La Poste, acteur de la réduction de la fracture numérique?

Suisse numérique • La Poste veut réduire le nombre de ses offices et se tourne vers les robots pour acheminer les colis. Dans le même temps, la fracture numérique ne diminue que très lentement en Suisse. Le réseau postal pourrait être mis à profit pour offrir des services d’aide et de formation de proximité sur la base d’un concept unique proposé partout.

La Poste s’est engagée une restructuration de son réseau qui soulève de vives inquiétudes en Suisse. On ne compte plus les protestations et les pétitions.
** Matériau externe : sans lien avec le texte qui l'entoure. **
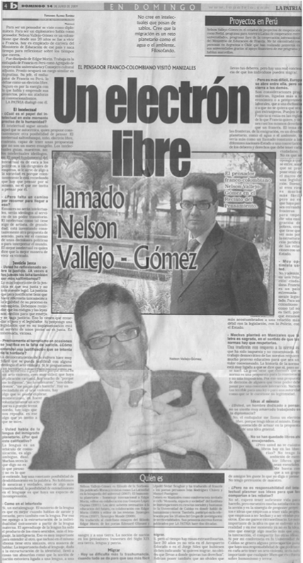 Para ser un pensador se viste como diplomático. Para ser un diplomático habla como pensador. Nelson Vallejo Gómez es un colombiano que desde un 20 años se fue a vivir a Francia, hoy es empleado de carrera del Ministerio de Educación de ese país y saca tiempo para reflexionar sobre los tiempos que corren.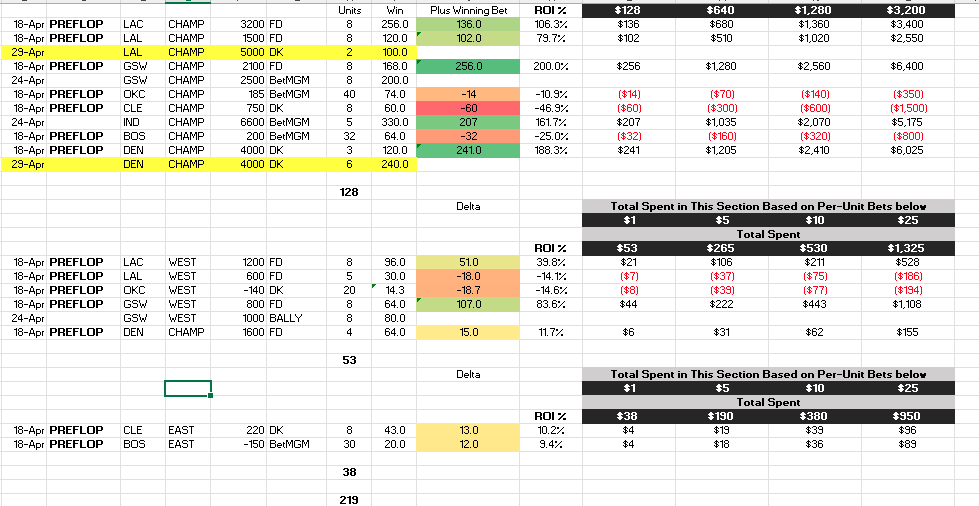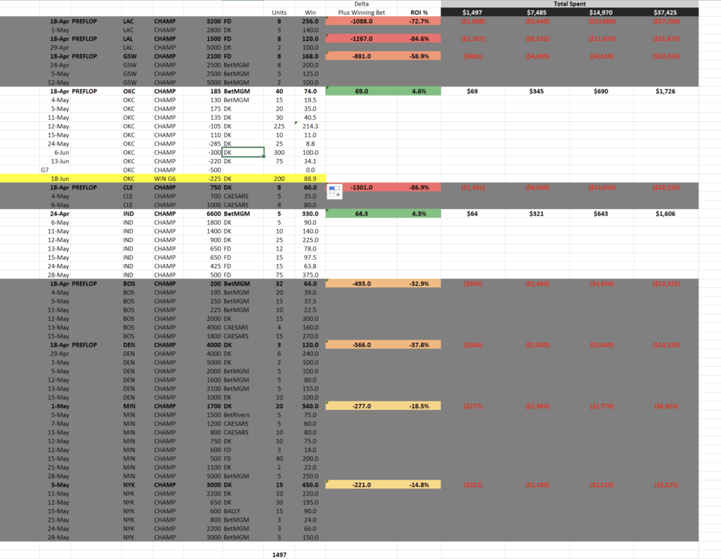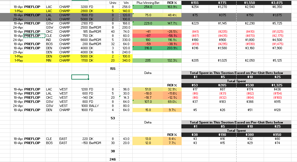 Denver +550 * 10 unitsIt was a good time to remove our exposure on Minnesota and lean into our position on Denver. We already have a big position on Golden State and now we wait to see if we can build the same type of wall we are on the championship side but we might need Minnesota to lose a game or two while OKC loses another one to really get some good traction here.

Les offices de poste «traditionnels» devraient passer de 1320 en 2016 à 800-900 en 2020. Selon ce plan, 450 bureaux de poste seraient fermés d’ici trois ans (un sur trois) et remplacés par autant d’«agences postales», c’est-à-dire des points de vente situés chez des partenaires indépendants (épiceries de village, boulangeries), dans les locaux des administrations communales et des offices du tourisme. Effet, une diminution des prestations.

L’entreprise justifie cette restructuration par le développement du numérique qui a transformé les habitudes de la clientèle (usages de l’internet pour communiquer et effectuer des paiements) et les nouvelles possibilités d’automatisation des processus. La Poste mise sur la robotisation: véhicules automatiques et drones pour la livraison de colis, navette autonome sans chauffeur (SmartShuttle de Carpostal), assistants virtuels pour dialoguer avec la clientèle (chatbots, robots logiciels). Les systèmes à fonctionnement autonome «représentent un élément essentiel de la stratégie en matière d’innovation», communique La Poste.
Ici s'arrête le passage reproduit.